Paul Kehinde

Personal information
- Full name: Paul Olumide Kehinde
- Born: 7 July 1988 Lagos, Nigeria
- Died: 18 November 2021 (aged 33) Lagos, Nigeria
- Weight: 60 kg (132 lb)

Sport
- Country: Nigeria
- Sport: Powerlifting
- Weight class: 65–72 kg (143–159 lb)

Medal record
Men's powerlifting
Representing Nigeria
Paralympic Games
| Gold medal – first place | 2016 Rio de Janeiro | 65 kg |
World Para Championships
| Gold medal – first place | 2017 Mexico City | 65 kg |
Commonwealth Games
| Gold medal – first place | 2014 Glasgow | 72 kg |
| Silver medal – second place | 2018 Gold Coast | Lightweight |
African Games
| Gold medal – first place | 2015 Brazzaville | 65 kg |

= Paul Kehinde =

Nigerian Paralympic powerlifter (1988–2021)

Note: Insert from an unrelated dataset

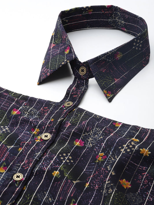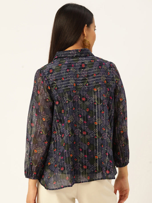 Women Navy Blue Floral Printed Casual Shirt

Paul Olumide Kehinde (7 July 1988 – 18 November 2021) was a Nigerian Para powerlifter. He was born in Epe, in Lagos state, Nigeria. He competed in the men's 65 kg class and also occasionally in the 72 kg class. At the 2014 Commonwealth Games he competed in the men's 72 kg event where he won a gold medal. Kehinde died 18 November 2021 in Lagos after a brief period of illness.

- Achievements:
- 2011 – World Championships Silver medalist
- 2014 – Commonwealth Games Gold medalist
- 2015 – Malaysia World Cup Gold medalist
- 2015 – All Africa Games Gold medalist setting an African Record of 214 kg.
- 2016 – Rio Paralympics- Broke the World Record twice with lifts of 218 kg & 220 kg
- 2017 – Mexico World Championships Gold medalist with another World Record lift of 220.5 kg.
- 2018 – World Para-Power lifting Championships, Fazza, Dubia. Gold medal with Record breaking lift of 221 kg .
- 2018 – Commonwealth Games, Gold Coast, Australia. Silver medalist in +65 kg Para-Power lifting
- 2018 August – African Para-Power lifting Championships +65 kg Gold medalist
- 2018 December – Nigerian National Sports Festival +65 kg Silver medalist.